Был конец рабочего дня, но его ждали. Даже обрадовались его приходу. Сразу оформили сторожем и выдали ключ от приличной комнаты. Зубан закрылся в ней, как в своей крепости. Слишком долго он находился без своего угла. И сейчас ему стало так хорошо, так спокойно, что он даже прослезился от нахлынувших на него чувств.

Прошло несколько дней его новой безмятежной жизни. Только несколько. Затем развернулись события, которые резко повернули его лицом к прошлому.

* * *

Осадчему было не до Зубана. Он имел ответственное задание, которое должен был выполнить за два дня. В противном случае его ждали большие неприятности. О них он всегда думал с содроганием.

Он хорошо помнил свое возвращение в курень после разлуки с Зубаном. Тогда за несговорчивость Станислав готов был прикончить его на месте. Он так бы и сделал, если бы у него было в руках какое-то оружие. А голыми руками Василия не возьмешь. Ему страшно не хотелось возвращаться к Стефану, но делать было нечего. Другого пристанища он не имел и поэтому пришел.

Узнав о неудачном ограблении вагона с оружием и аресте троих боевиков, Хустовец и Коломейский рыскали в поисках нового места для куреня. Двое суток в неприятном волнении находился Осадчий, ожидая возвращения главарей. Наконец они появились. Стефан был озабоченный, но не сердитый и, вопреки обыкновению, трезвый. Пьяный этот небольшой человек с физиономией монгола и будто выщипанными усами был лют и неумолим.

— С чем пожаловал? Сколько приволок за собой эмгебистов? Где Зубан? — будто из автомата, выпалил ему в лицо Хустовец.

— Слава героям! — взвизгнул Крамер в ответ, вытянувшись по стойке «смирно». — Хвоста нема… одного эмгебиста мы продырявили и утекли. Зубан будет с часу на час.

Стефан сунул сигарету в зубы и брезгливо процедил:

— Обгадилась твоя ватажка. Особливо ты. Эка невидаль — продырявили эмгебиста. А сброю не достали. — Он смерил его рысьими глазами и сплюнул. — Но боевики тебе водить, а волов. Из-за вас приходится менять постой. Чуешь?

К Хустовцу подбежал щенок и ткнулся своей тупой мордочкой в сапог. Главарь отшвырнул его от себя, да так, что тот взвизгнул и жалобно заскулил. Затем Стефан поднял на Осадчего тяжелый взгляд и глухо проговорил:

— В другое время ты бы у меня не вылез из правильни. Но сейчас не до тебя. Отправляйся к Дрыну. Он скажет, что надо делать.

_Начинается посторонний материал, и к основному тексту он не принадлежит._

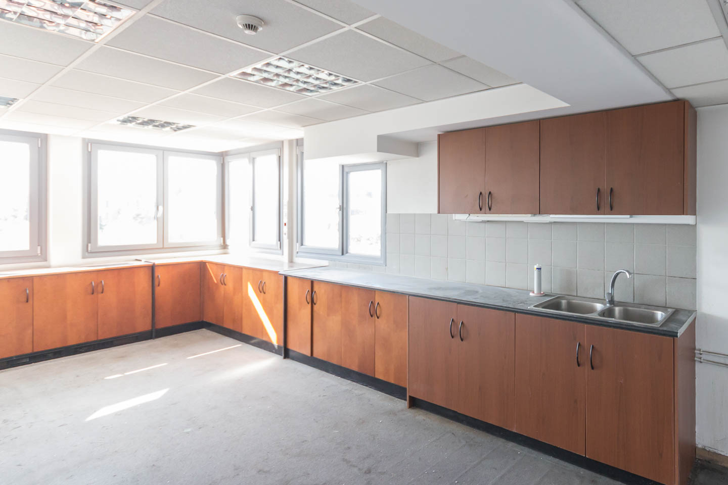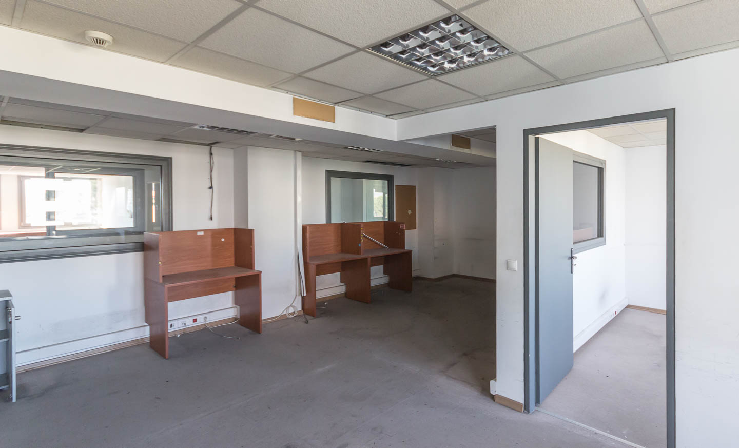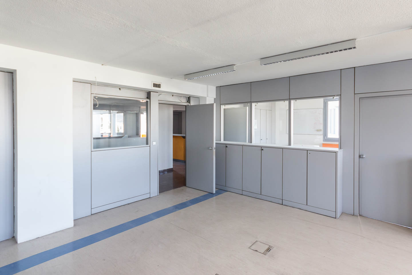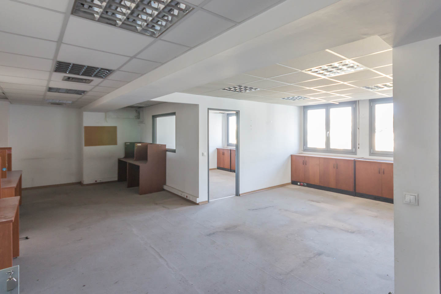 The office's construction is modern featuring all the necessary technical provisions per floor such as structured wiring, autonomous air conditioning–heating, WC, and reception area. There are also mobile partitions in the rooms, parking spaces, and it is bright.
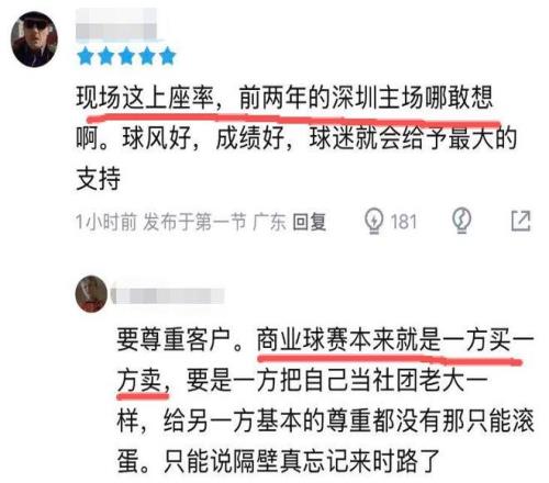 不少球迷感慨道:“不得不说,老贺带起了深圳主场的上座率啊”、“现在这上座率,前两年的深圳主场哪敢想啊。球风好,成绩好,球迷就会给予最大的支持”。
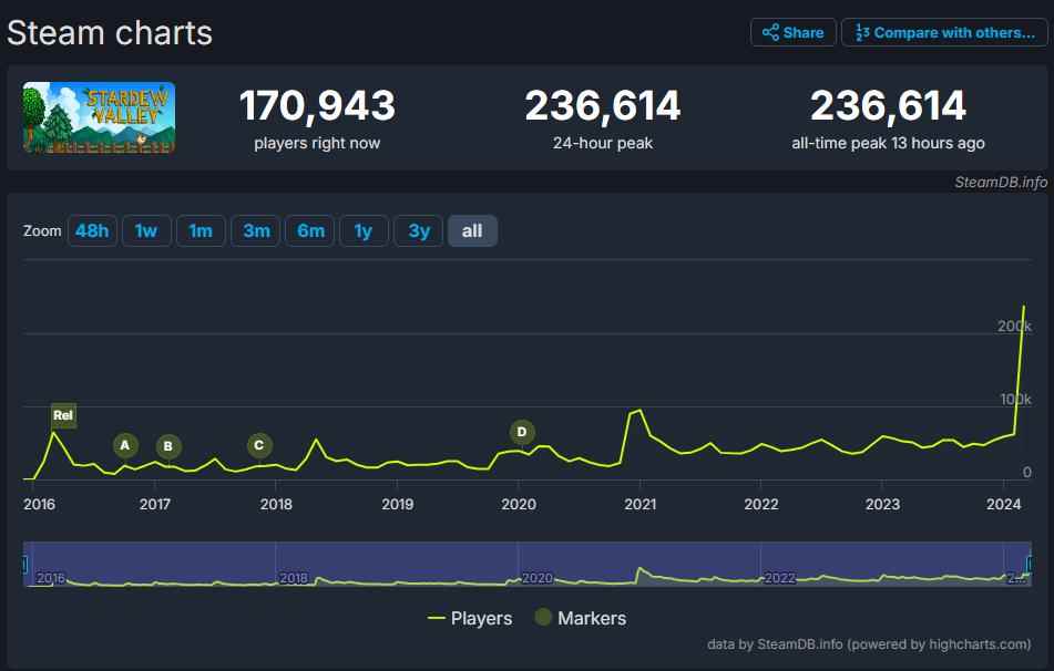 在《星露谷物语》1.6大版本更新之后,该作的Steam在线玩家数量开始飙升。现在根据SteamDB的数据,截止到目前,《星露谷物语》Steam同时在线人数已超过23.6万(236,614),创下了新纪录,并且1.6更新之后,也是《星露谷物语》Steam同时在线人数首次突破10万,此前的最高纪录是9.4万。
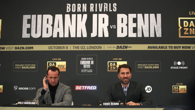 DECISION: Eddie Hearn during a press conference at the Canary Riverside Plaza Hotel London after Matchroom announced that the fight between Chris Eubank Jr and Conor Benn, which was scheduled to take place on Saturday at The O2, has been postponed.Â

Крамер принялся за поручения Дрына с особым рвением. Он был рад, что все так обошлось. Задание его состояло в том, чтобы подбрасывать подметные письма в партийные и хозяйственные органы на честных работников, коммунистов, должностных лиц, с тем чтобы очернить их и заставить других заниматься проверкой анонимок. Распространял их Крамер по ночам. Однажды на пути завернул к Каталине, которая и рассказала ему о смерти Петра. Она же сообщила о складе с оружием. На другой день он побывал у Павла Фабрици, а от него решил проверить, на месте ли тайник, и обнаружил в нем взрывчатку и автоматы. К вечеру он вернулся к Каталине, но ее дома не оказалось. Не теряя ни минуты, Осадчий — Крамер поспешил обрадовать своей находкой Хустовца. По дороге он строил всякие предположения, как удивит Стефана. Ведь он представит ему сброю, которую не удалось взять тогда. И главарь смягчится к нему, вернет его к старой должности — старшего ватажки. Он помнит, как просветлели глаза Хустовца, когда он услышал о тайнике. И никогда не забудет его взгляда после того, как он узнал, что тайник пуст. Коломейский тогда сразу же обезоружил Крамера, самолично выпорол его и сунул в карцер.

— Не будь… на… твоем счету… учителя Барата… с десяток ястребков, — приговаривал Коломейский, полосуя его по спине обрывком веревки, — поставил бы я тебя к стенке!